The calculation of OIBDA starts with operating revenue, while EBITDA starts with web revenue, which represents revenue from the accounting interval. Unlike EBITDA, OIBDA does not include non-operating revenues or non-recurring prices. One-time objects ultimately add to or deduct from an organization’s revenue or profit, but are generally not included in OIBDA.

This can be seen as a bonus for the comparability functions since non-operating income would normally not recur year after year. Its separation from operating revenue ensures that the calculation only displays revenue from core operations.

OIBDA body

Below is Walmart Inc.’s income statement for the company’s fiscal year ending January 31, 2021, via the company’s 10-Ok report issued on March 19, 2021.

OIBDA for 2021

  • Labor income was $22.548 billion for 2021.
  • Curiosity and provision for income taxes are listed under operating income, which means that they do not appear to be reflected in operating income and could be excluded from the OIBDA calculation.
  • However, depreciation and amortization are usually not listed as a single item on the tax return, which means they are included in the Prices and Invoices section.

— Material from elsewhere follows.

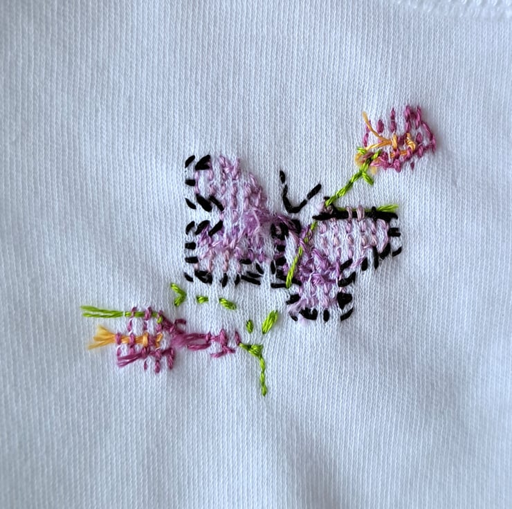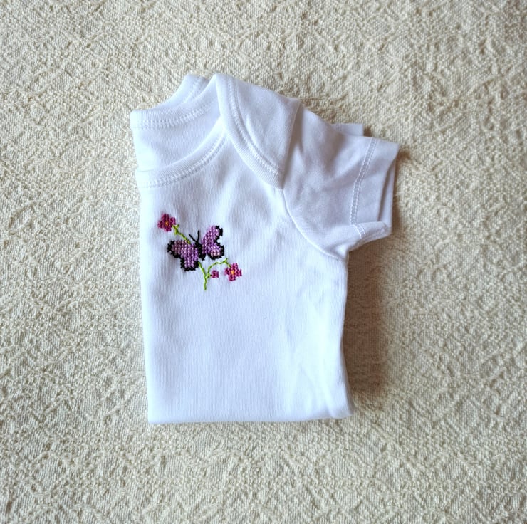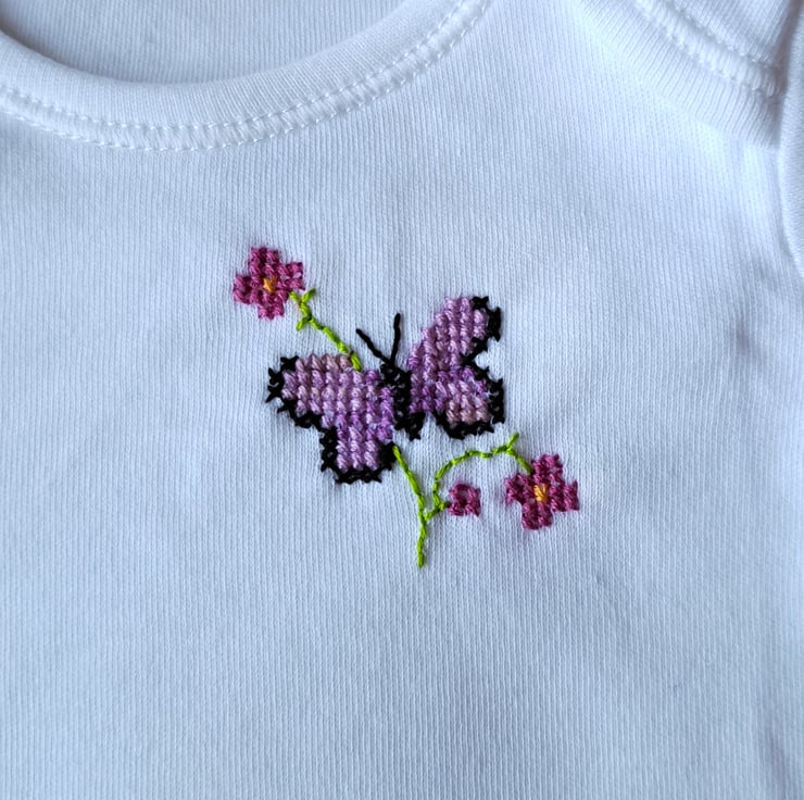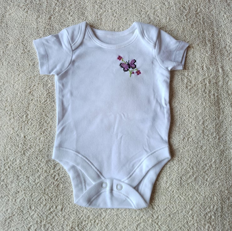 I have made this soft white cotton baby vest very feminine by hand embroidering a pink butterfly visiting toning pink flowers on the left front. The vest/onesie has an envelope neck, short sleeves and two press studs between the leg openings. As I never use a permanent backing material when hand embroidering kids' clothing, there is nothing inside this garment to irritate your baby's skin. It is machine washable.

For this reason, we should seek advice from Walmart’s Money Circulation Statement for a similar interval, which is proven below:

  • Depreciation and amortization are listed under Money Stream from Working Actions totaling $11.152 billion for 2021.
  • Walmart’s OIBDA for 2021 was $33.70 billion, calculated as $22.548 + $11.152 billion.

OIBDA for 2020 and 2019

Walmart’s OIBDA can also be calculated for 2020 and 2019 to match 2021’s OIBDA to get a better idea of ​​whether 2021 was a good year or not.

  • The 2020 OIBDA was $31.55 billion; since 2020, work income was $20,568 and D&A was $10,987 ($20,568 + $10,987).
  • The 2019 OIBDA was $32.635 billion; since 2019, the work income was $21,957 and the D&A was $10,678 ($21,957 + $10,678).

Walmart’s 2021 OIBDA of $33.70 billion was $2 billion higher than 2020. Nonetheless, the 2021 OIBDA was about $1 billion higher than 2019.

We will see Walmart increasing its revenue from its core business activities as the OIBDA in 2021 was significantly better than in 2020 and also surpassed the OIBDA of 2019.

Nonetheless, the 2021 OIBDA was nearly $1 billion higher than 2019, in part due to the upcoming 2021 depreciation charge of $11.152 billion versus $10.678. Perhaps the business purchased new assets in 2021, which resulted in the next depreciation expense.

When evaluating OIBDA for different companies, it is important to consider whether the two companies are in the same business and have a similar need for the mounted goods. If one company doesn’t have a lot of mounted assets while the other does, the depreciation bills and OIBDA of the two companies can be quite different.